Она появилась сразу после девяти. В коротком светлом хлопчатобумажном платье и джемпере с вышивкой. Сейчас девушка показалась мне выше, чем запомнилась по утренней встрече. На фоне белого платья кожа ее выглядела особенно смуглой. На шее у Нурии было простое серебряное ожерелье, темно-каштановые волосы гладко зачесаны назад и стянуты красным шнурком. Я приподнялся и слегка поцеловал ее в обе щеки. Простая формальность. Нурия опустилась на стул.
— За вами следили? — спросила она по-английски.
— Нет. Зато я встретился с драконом.
— Здесь, в Барселоне? Он что, проследовал за вами сюда из вашего туманного дождливого Уэльса? Ну же, выкладывайте. Мне можно доверять. — Все это она проговорила совершенно бесстрастно, ни один мускул на лице не дрогнул.
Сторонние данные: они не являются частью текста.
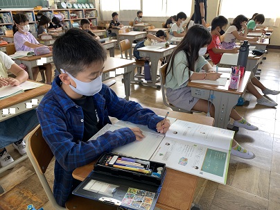 自分の考えを早く言いたくて仕方がないようです。図も活用しながら、何倍になるのかを考えます。

— С этим драконом я уже встречался несколько лет назад. Бродяга в общем-то. — Я выговорил это слово с особенным удовлетворением. — Тогда он гадал на картах. Однажды вечером, в Гренаде, я слышал, как он напророчил одной итальянской девушке, ее звали Пиа, большую беду. На следующий день ее сбил мопед, который вела какая-то монашенка. У девушки оказались сломаны несколько костей. Дракон уехал из города, но до этого приятель Пиа успел изрядно намять ему бока.
— Намял бока дракону?
— Вот именно. И больше всего мне запомнилось выражение лица этого типа, когда молодой человек обрабатывал его. Ему это явно нравилось.
— Что?..
— Точно. Похоже, удовольствие он в немалой степени получает от того, что, нагадав какую-нибудь гадость, начинает ждать, чем все закончится. Само собой, огонь заглатывает. Это его коронный номер. Нынче он как раз этот фокус и показывал. По-моему, не только я его, но и он меня запомнил.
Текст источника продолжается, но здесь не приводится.